Increased accountability in the reviewing process is essential, however. This is because it has become so important to publish in good journals, not only for the careers of individuals but also for the funding of institutions through the Research Assessment Exercise. Reviewers give their valuable time free of charge and with little credit, yet they are performing an important job which plays a part in shaping our scientific future. It is critical that they do this job in the best possible way. By signing their name to a review they automatically become more accountable. Editors are forced to seek the best possible opinions for manuscripts and the editorial process is improved. Authors who are aware of the identity of their reviewer may also be less upset by hostile and discourteous comments (Reference McNutt, Evans and FletcherMcNutt et al, 1990).

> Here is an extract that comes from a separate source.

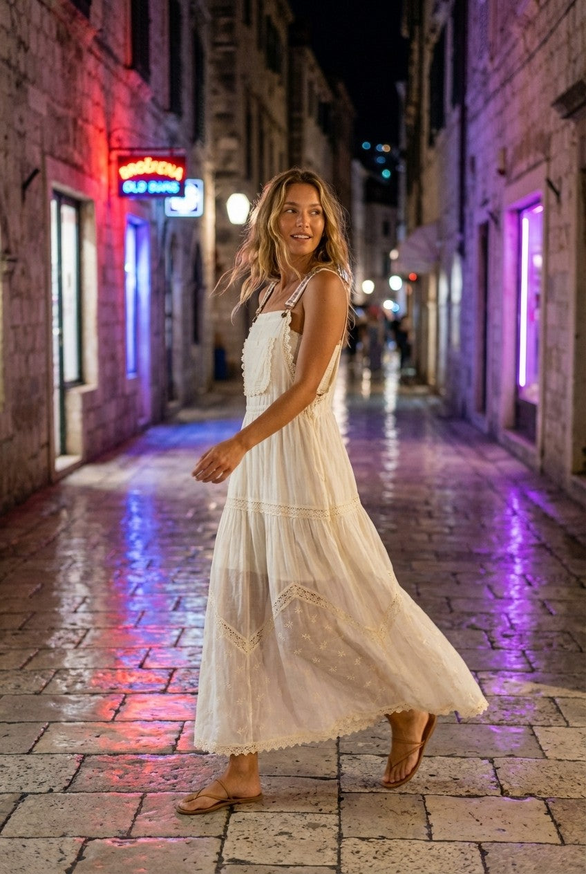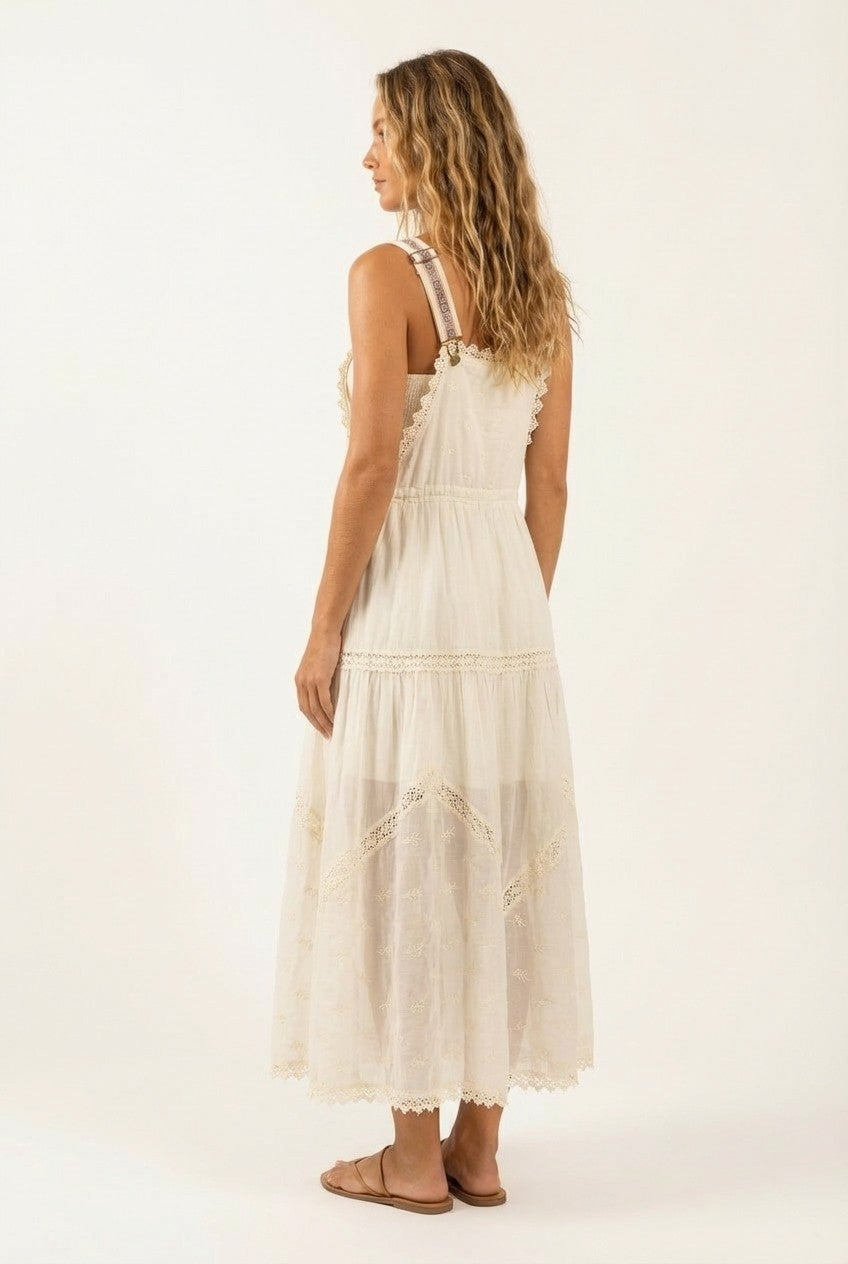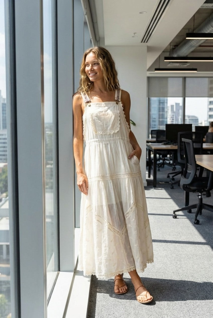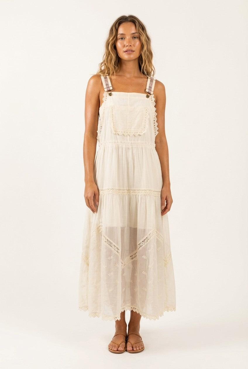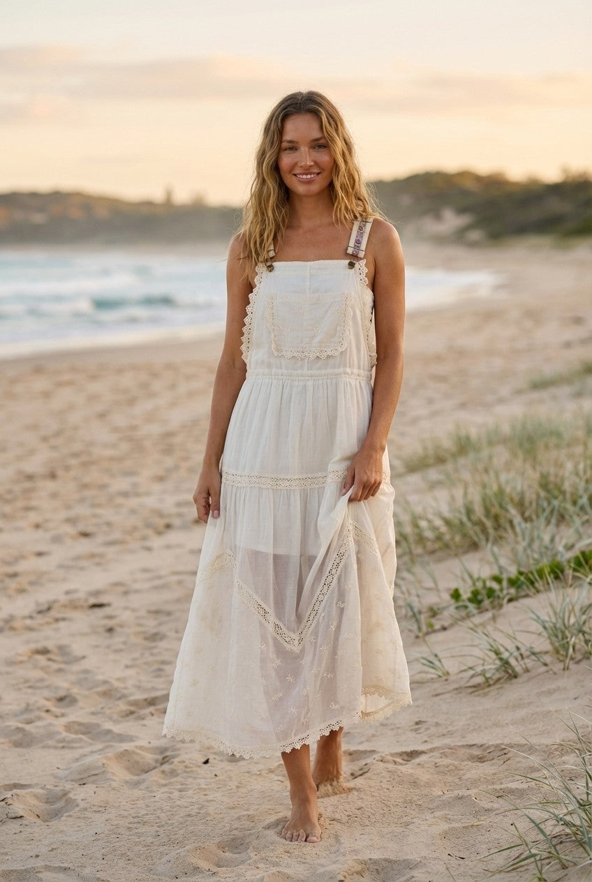 Embrace the effortless charm of summer. This beautifully crafted maxi dress combines the playful silhouette of overalls with delicate lace detailing for a truly unique bohemian aesthetic that feels both timeless and fresh.
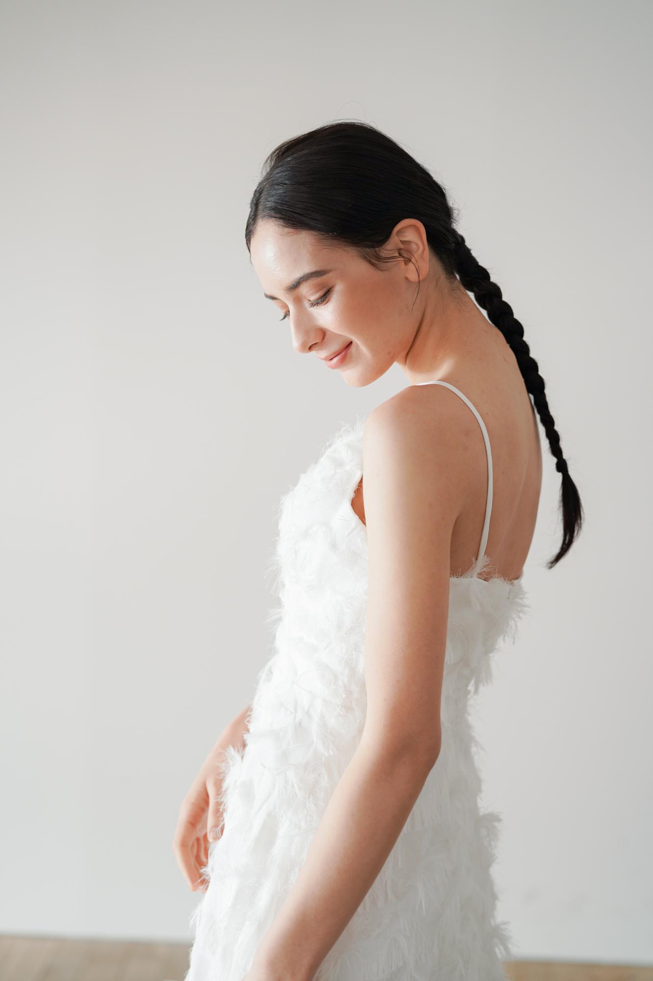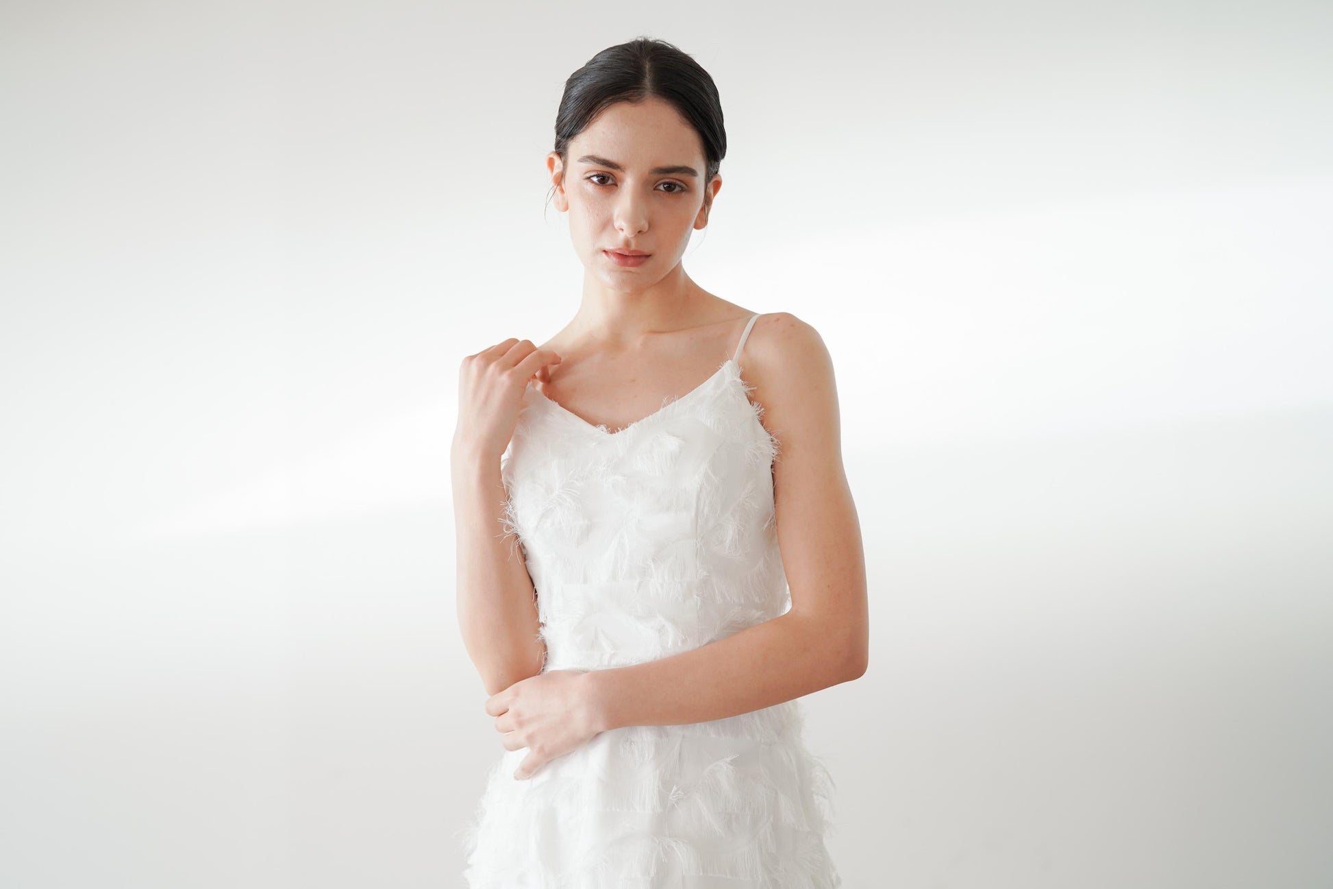 シンプルなスレンダーラインのシルエットが、フェザーライクな生地をより引き立てています。

This study's findings certainly support the feasibility of open peer review. With three-quarters of referees agreeing to sign their name, and with signed reviews being of higher quality than unsigned reviews (although not editorially so), a sufficient number of reviewers producing reviews of sufficient quality would probably be available. The drawbacks would be the loss of those reviewers opposed to signing, the increased time that a signed review appears to take, and the reduced reliance that an editor could place on the recommendation for publication from reviewers who may suggest acceptance of too many manuscripts. Before opening the system, a closer examination of the possible adverse effect that such a system may have on professional relationships in a fairly close-knit field is warranted - and such a study is planned for the current batch of signed reviews. Further research of the peer-review process should be encouraged not only in other journals but - as similar arguments could be directed at the process by which research funding is awarded - also by the research funding bodies.
CLINICAL IMPLICATIONS AND LIMITATIONS
▪ A sufficient number of reviewers will agree to sign their names, making an open process feasible.
▪ Signed reviews are at least as good as unsigned reviews, and may be of better quality.
▪ Signed reviews take longer to complete, leading to a greater workload for reviewers.
▪ The review quality instrument used, although validated, is open to subjective interpretation.
▪ Reasons for some reviewers not wishing to sign were not sought.
▪ We do not know why some randomised reviews were not returned.
We thank Susan van Rooyen and Fiona Godlee for their advice on the design of the project and use of the rating instrument; Glyn Lewis and Tony Johnson for background advice; Nick Black and Andrew Hutchings for advice; Zofia Ashmore and Sue Thakor for their major input into the practical aspects of the trial; David Jago for his support; and all the participating referees and the Editorial Board of the British Journal of Psychiatry for their helpful comments.